_Directions for this task_
What should be copied is the stretch of entries below from the line with "The annual Long" up to and including the line with "Ring i hvitt", exactly and without images.

======== Records supplied ========

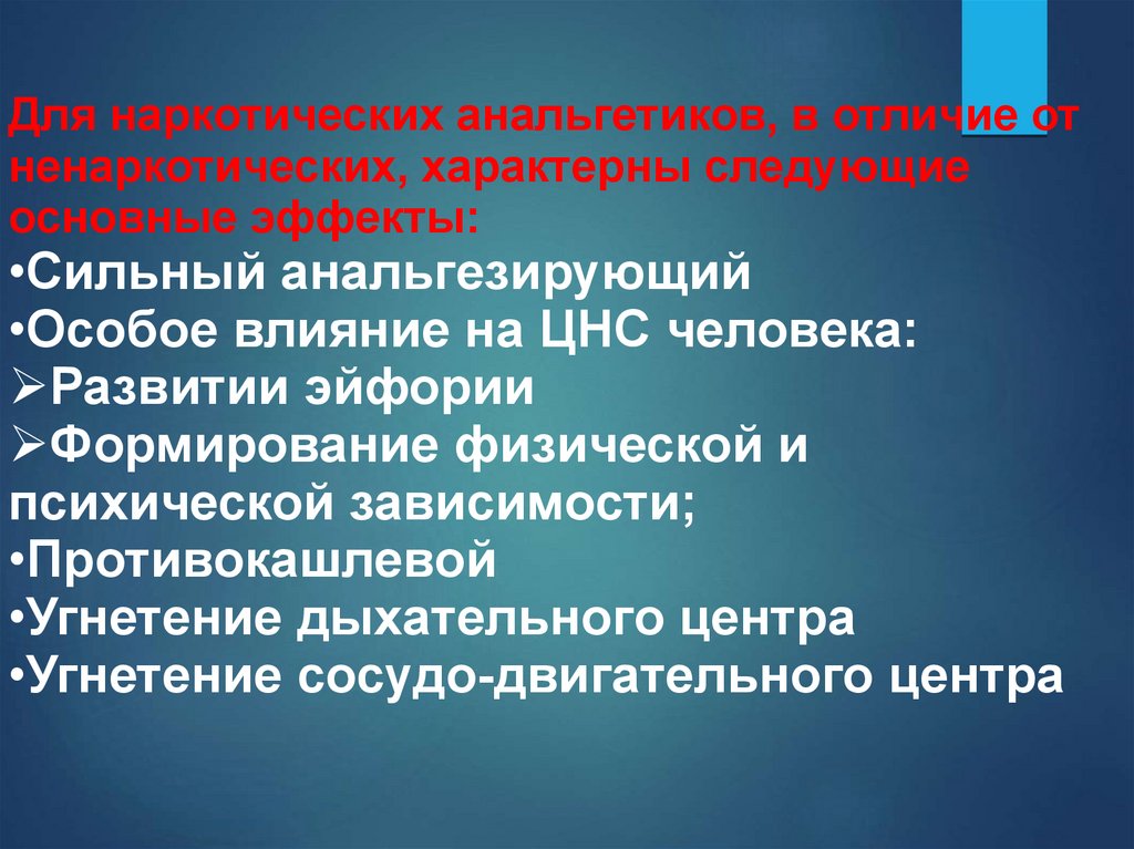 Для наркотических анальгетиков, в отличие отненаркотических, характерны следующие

========
======== Records supplied ========

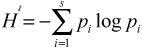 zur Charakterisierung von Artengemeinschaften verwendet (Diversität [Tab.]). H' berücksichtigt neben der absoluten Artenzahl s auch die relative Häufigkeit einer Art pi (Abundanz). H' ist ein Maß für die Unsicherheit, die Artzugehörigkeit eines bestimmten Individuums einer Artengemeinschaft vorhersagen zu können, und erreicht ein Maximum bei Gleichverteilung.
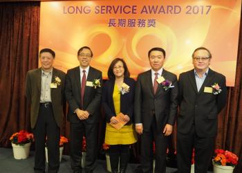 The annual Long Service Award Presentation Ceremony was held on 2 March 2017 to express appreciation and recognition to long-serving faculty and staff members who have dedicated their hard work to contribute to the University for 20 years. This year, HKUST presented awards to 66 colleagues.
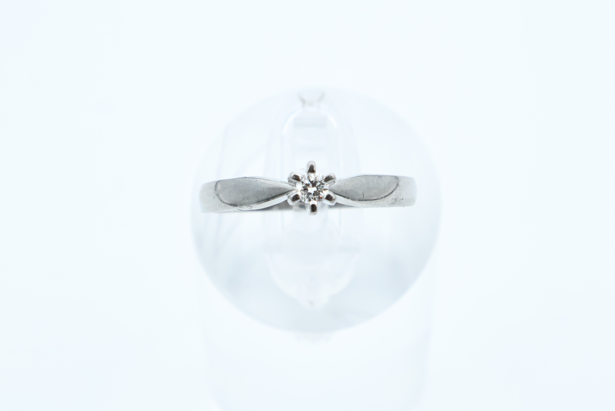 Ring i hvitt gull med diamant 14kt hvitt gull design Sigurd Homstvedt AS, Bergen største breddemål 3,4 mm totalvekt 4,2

========
======== Records supplied ========

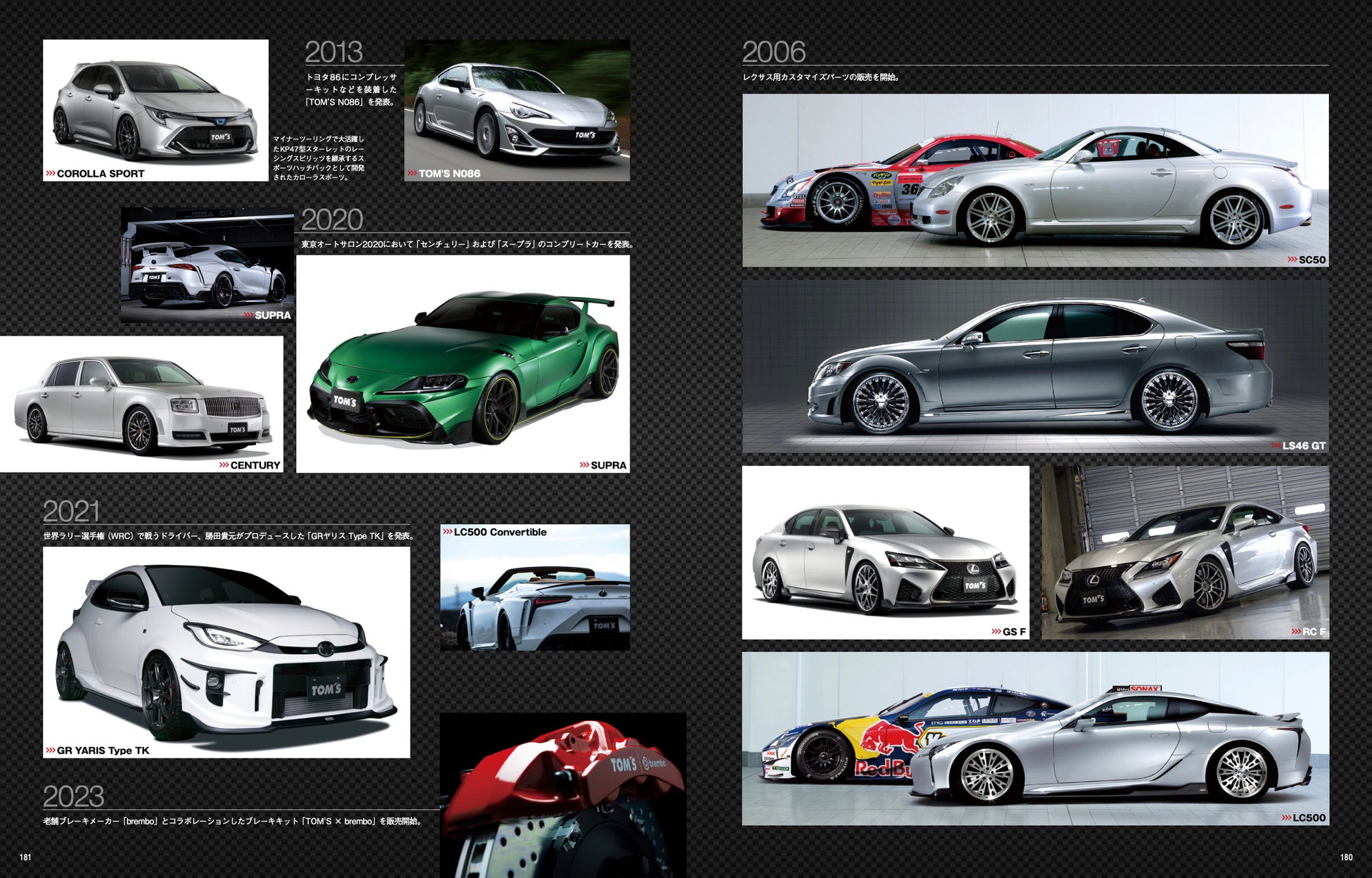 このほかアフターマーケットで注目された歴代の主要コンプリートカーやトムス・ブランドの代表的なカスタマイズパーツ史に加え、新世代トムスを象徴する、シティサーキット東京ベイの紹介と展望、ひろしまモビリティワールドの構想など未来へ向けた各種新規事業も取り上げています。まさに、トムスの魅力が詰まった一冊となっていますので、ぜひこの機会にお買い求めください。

========

_Task answer_
 The annual Long Service Award Presentation Ceremony was held on 2 March 2017 to express appreciation and recognition to long-serving faculty and staff members who have dedicated their hard work to contribute to the University for 20 years. This year, HKUST presented awards to 66 colleagues.
 Ring i hvitt gull med diamant 14kt hvitt gull design Sigurd Homstvedt AS, Bergen største breddemål 3,4 mm totalvekt 4,2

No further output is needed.